Позиция шла по-над рекой. Наш берег был высокий, а противника – шёл по лугу. Третий взвод занимал середину открытой горы, чтобы не иметь мёртвого пространства на нашем берегу реки – это был Сан. Перед нашей ротой река уходила назад, почти под прямым углом, так что к роте можно было подойти с обоих берегов, только один берег надо было бы форсировать. Впереди, верстах в двух, была большая деревня или местечко, так как мы утром увидели кресты костёла.

Когда мы заняли позицию, сменяя земляков Таганрогского полка, они сообщили нам, что впереди противник не замечен, а там для наблюдения находится наша конница. Однако при смене мы услышали шум из деревни и увидели много огней, из чего заключили, что деревня не спит, а бодрствует, а это могло быть только по одной причине: в неё вошли передовые части противника. Решил по собственной инициативе выставить два секрета и сделать маленькую разведку.

Когда я с двумя бравыми солдатами прошёл полверсты в сторону деревни, по нам, с весьма близкого расстояния, был открыт сильный ружейный огонь, который заставил нас лечь в траву. Это было неожиданно. Мы приготовились к штыковому отпору на случай, если бы нас окружили и попытались захватить в плен.

Прислушивались. Очевидно, и противник прислушивался, так как огонь прекратился. Взвесив положение, решил уходить за свои секреты: огонь по нам вела, по крайней мере, целая рота.

У секрета задержались ещё минут на пять, но со стороны противника никакого движения не наблюдалось; весьма возможно, что это была разведка, обнаружившая нас и ушедшая с донесением восвояси. Секрету наказали отходить только под натиском или с рассветом.

  – Ненашев, Ненашев! – звал я взводного третьего взвода. И велико было моё удивление, когда он отозвался где-то очень слева. Переменили направление и вернулись на позицию; результаты разведки сообщили командиру роты.

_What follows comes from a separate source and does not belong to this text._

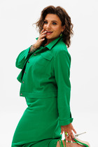 Жакет женский удлиненный, из текстильной ткани, на подкладке, полуприлегающего силуэта с центральной бортовой застежкой на пуговицы до линии перегиба лацкана. Спереди рельефные швы от плечевого шва, отрезной бочок и карман с клапаном. Спинка с рельефами от плечевого шва. Рукав втачной, двухшовный. Воротник пиджачного типа. Длина по спинке 66 см, длина рукава 62 см.

Не прошло и десяти минут, как поднялась очень сильная ружейная стрельба, и именно с того места, где я только что был. Стреляла одна или две роты, пулемёты ещё не работали. Сильный огонь заставил меня залезть в окоп. Но там оказалось так тесно, что ходить не было возможности: у сменённых таганрогцев численный состав взвода был вдвое меньше. Я вылез и стал обходить взвод поверху, наставляя и поучая людей. Конечно, в темноте это не давало никаких успехов, но, несомненно, внушало беспокойство, в чём я вскоре убедился.

Огонь становился всё интенсивнее и подходил ближе. Прибежали оба секрета, сообщив, что на нас наступает очень много супостатов. Вылез из окопа и старший унтер-офицер Ненашев – кавалер двух Георгиевских крестов – и стал сопровождать меня. Кончив обход, мы встали за большие кусты. Пули летели высоко над нами, в гору, с большим треском разрывались сучья деревьев. Старшего унтер-офицера Ненашева я отправил в окоп, чтобы он подготовил взвод к бою, так как противник, по-видимому, под прикрытием своего огня подступал всё ближе и ближе.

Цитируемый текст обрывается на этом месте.